Solution of the equation $(\cos x)T = 0$ in $D'(\mathbb R)$

Question

I was thinking about the solution of the equation $(\cos x) T = 0$ in space $D'(\mathbb R)$. What is clear to me is that $T_k = c \delta_{a_k}$ with $a_k = \frac{(2k+1)\pi}2$ and $k \in \mathbb Z$ is a solution. Can you help me figure out if there are other solutions, or how to prove that these are the only solutions? Thanks!

Answer 1

What you want here is the possibility to "glue" two distributions defined on different domains.

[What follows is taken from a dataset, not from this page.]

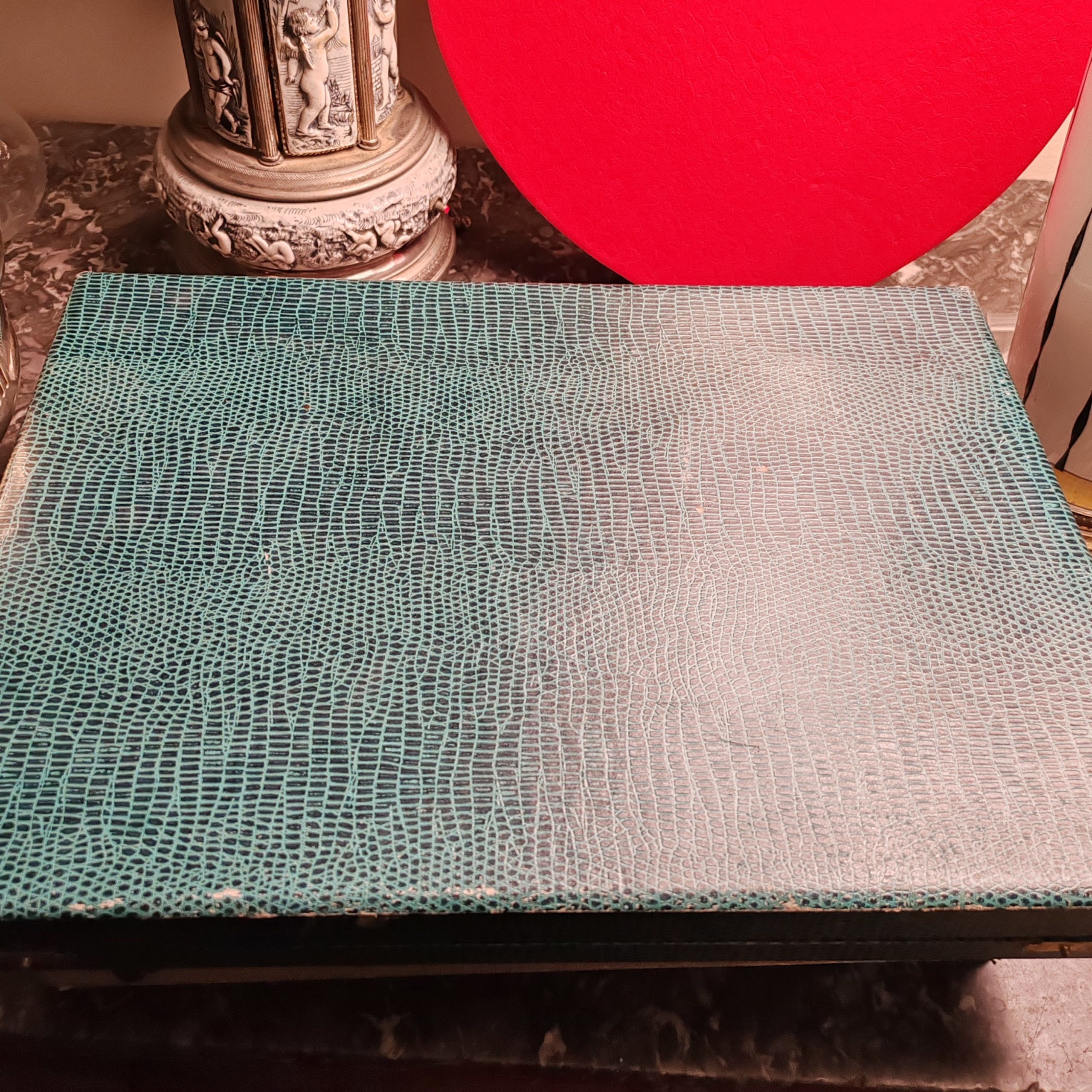 Nécessaire à hors d’œuvre en Métal Argenté dans son Écrin accompagné de ses 3 Raviers en verre taillé épais sans éclats . Quelques traces d’usure sur le plateau, voir photos.

You can show that, indeed, if $\Omega_{i}$, $i=1,2$ are two open domains $T_i\in D'(\Omega_i)$ such that $T_1|_{\Omega_1\cap\Omega_2}=T_2|_{\Omega_1\cap\Omega_2}$ in the sense of distributions, then there exists a unique distribution $T_0\in D'({\Omega_1\cup\Omega_2})$ such that $$T_0|_{\Omega_i}= T_i.$$

In you case you can easily show the uniqueness of solution if you restrain the equation on the domain $(k\pi , k\pi+\pi)$, and then "glue" these solutions together to obtain the final result.